Y.L. : Si on regarde à nouveau le film Dreamspeaker de Jutra, que presque personne n’a vu au Québec, un long métrage tourné en 1976 lors de sa période torontoise, il y a une scène ou l’assistant du chaman se baigne dans une lagune avec un petit garçon, ils batifolent ensemble. C’est une scène pédophilique typique. Ça met mal à l’aise, surtout qu’elle ne sert en rien le scénario. Et là, sachant que c’est un film signé par Jutra, c’est là que notre regard diffère. Cela dit, son œuvre est riche, et elle le demeurera à jamais. Mon oncle Antoine est un film avec des scènes magnifiques et d’autres qui agacent beaucoup, mais il a marqué notre cinéma, on s’est reconnu là-dedans. À tout prendre, lui, est un film qu’on doit revoir notamment pour l’humour, c’est le film de Jutra qui vieillit le mieux. À tout prendre, c’est de l’audace, de la spontanéité, un gros égoportrait, Claude a tout mis dans ce film, toute sa personnalité. Si on songe à cause de sa sexualité à camoufler son œuvre, je serai le premier à prendre la parole pour dénoncer cette idée.
P.B. : Vous attendiez-vous à un tel tsunami autour de votre biographie?
Y.L. : Oui, on s’attendait tous à l’effet d’une petite bombe, mais pas d’une bombe atomique…
P.B. : Avez-vous un prochain projet d’écriture lié au cinéma actuellement?
Y.L. Oui, absolument. Je vais me remettre très bientôt sur un projet qui me tient à cœur, un dictionnaire des personnages du cinéma québécois. Mon livre portera, par exemple, sur les plus beaux personnages de juges, pensons à Michel Chartrand en juge dans Deux femmes en or, ou encore de curés, de policiers. La tempête s’étant calmée, je vais me remettre là-dessus dans les prochains jours.
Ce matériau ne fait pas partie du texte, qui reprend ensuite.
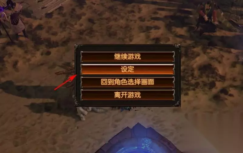 2、登录流放之路,在游戏界面中按下“ESC”键,在弹出的对话框中点击“设定”按钮,如下图所示。
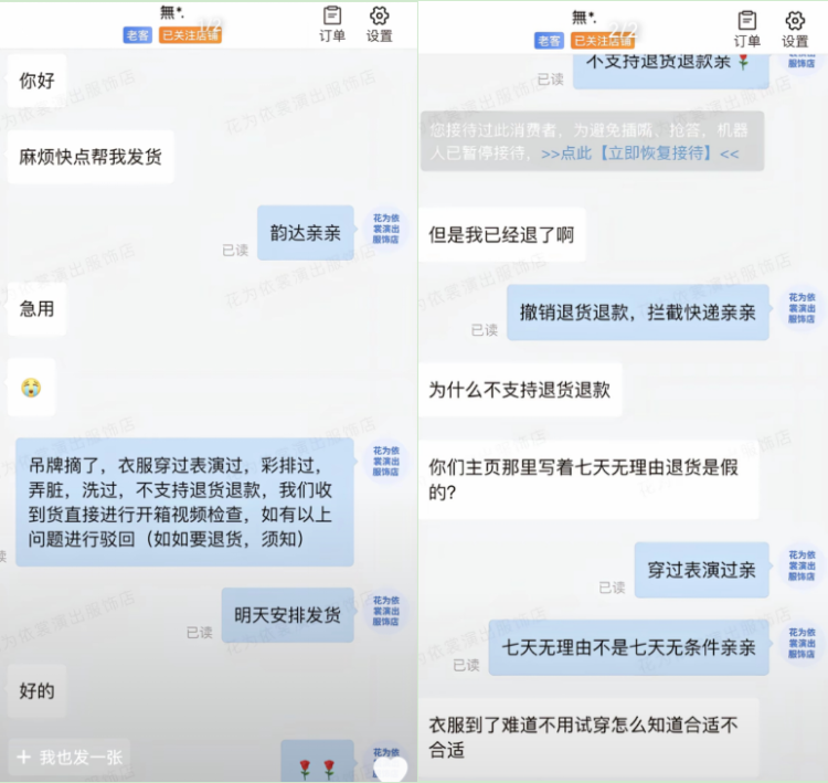 然而,演出结束后,买家却以“七天无理由退货”为由申请退款。店主以穿过为由拒绝退货,买家辩解“衣服不试穿怎么知道合适不合适”,即便店主发送学校演出视频作为证据,买家仍坚称“七天无理由为什么不能退”。
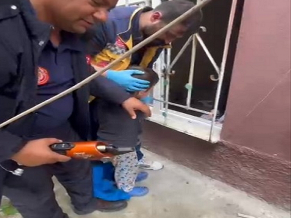 Kayseri'de kafası penceredeki demir korkuluklara sıkışan 7 yaşındaki çocuk itfaiye ekiplerince kurtarıldı.

Le nom de famille de Claude Jutra, comme relaté dans la biographie, s’écrivait bien évidemment avec un « s » à la fin. Mais, à partir de 1956, le « s » disparaît. Jutra, avec humour, justifia ce changement ainsi : « Pourquoi un « s », car il n’y a qu’un Claude Jutra. » Longtemps, on pleura la disparition de Claude Jutra, l’unique et talentueux cinéaste. Aujourd’hui, on voit en lui un être au pluriel, l’artiste et le déviant, une sorte de scénario idéal pour du cinéma vérité, celui qui étincelle et qui brûle douloureusement.